WHAT YOU SHOULD DO:
Without including any pictures, retype exactly the lines from the top of the records through the line containing "- 결제 승인 API를", that final line included.

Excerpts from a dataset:
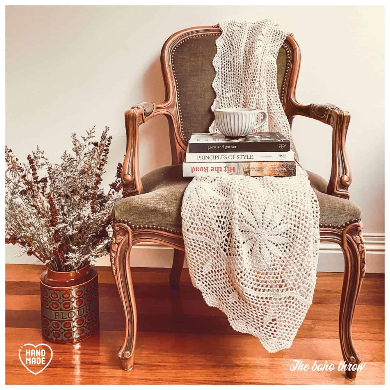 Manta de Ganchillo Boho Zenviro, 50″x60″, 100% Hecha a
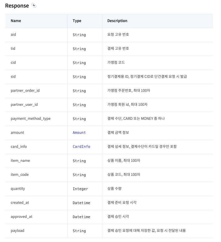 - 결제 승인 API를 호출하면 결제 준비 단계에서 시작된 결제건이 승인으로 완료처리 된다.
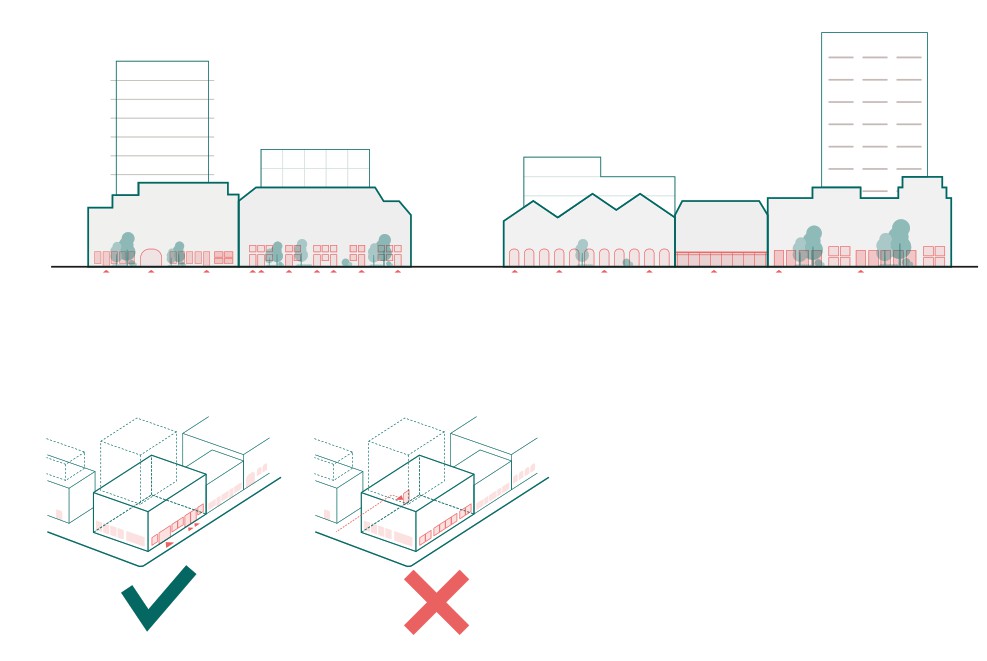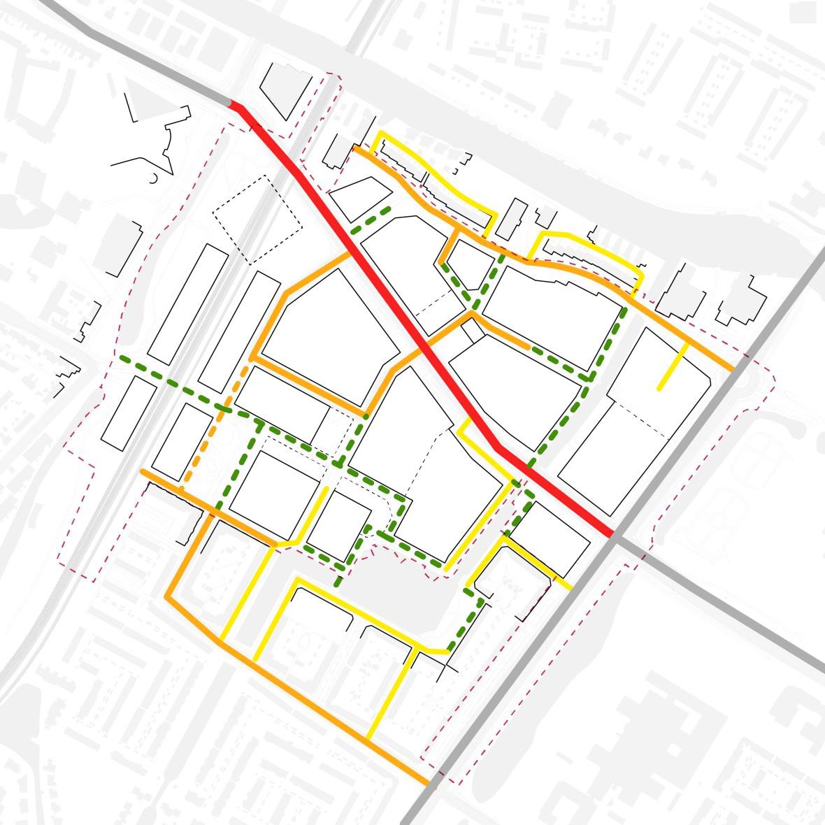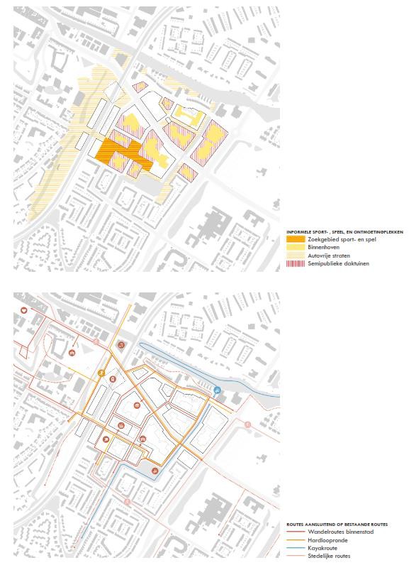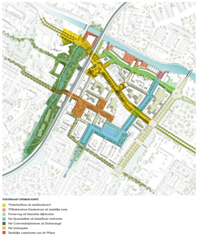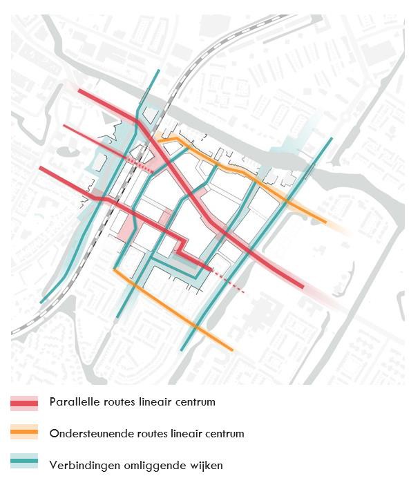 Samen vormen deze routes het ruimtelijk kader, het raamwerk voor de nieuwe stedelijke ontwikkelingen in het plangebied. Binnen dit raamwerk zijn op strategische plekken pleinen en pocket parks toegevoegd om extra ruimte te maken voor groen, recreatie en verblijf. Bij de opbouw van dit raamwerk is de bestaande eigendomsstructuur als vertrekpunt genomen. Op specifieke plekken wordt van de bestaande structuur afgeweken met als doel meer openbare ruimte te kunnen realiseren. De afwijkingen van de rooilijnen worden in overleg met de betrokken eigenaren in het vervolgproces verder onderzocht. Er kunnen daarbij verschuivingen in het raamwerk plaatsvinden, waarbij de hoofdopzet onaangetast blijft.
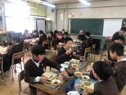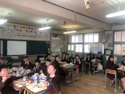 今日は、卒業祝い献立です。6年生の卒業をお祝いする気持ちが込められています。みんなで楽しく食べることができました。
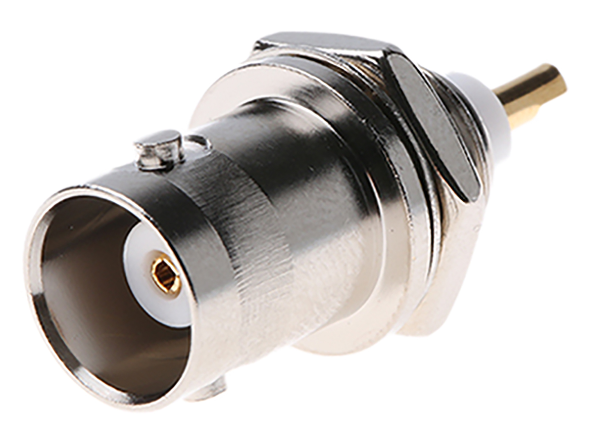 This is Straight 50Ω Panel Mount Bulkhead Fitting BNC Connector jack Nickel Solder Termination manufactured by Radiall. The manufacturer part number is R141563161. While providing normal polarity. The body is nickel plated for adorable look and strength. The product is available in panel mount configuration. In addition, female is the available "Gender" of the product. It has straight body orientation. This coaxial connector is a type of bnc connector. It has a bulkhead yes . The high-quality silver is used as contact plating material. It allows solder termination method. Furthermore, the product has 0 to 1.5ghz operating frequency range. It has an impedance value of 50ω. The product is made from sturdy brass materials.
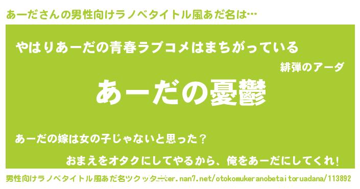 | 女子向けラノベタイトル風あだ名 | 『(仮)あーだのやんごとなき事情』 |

OUTPUT OF THE TASK:
 Manta de Ganchillo Boho Zenviro, 50″x60″, 100% Hecha a
 - 결제 승인 API를 호출하면 결제 준비 단계에서 시작된 결제건이 승인으로 완료처리 된다.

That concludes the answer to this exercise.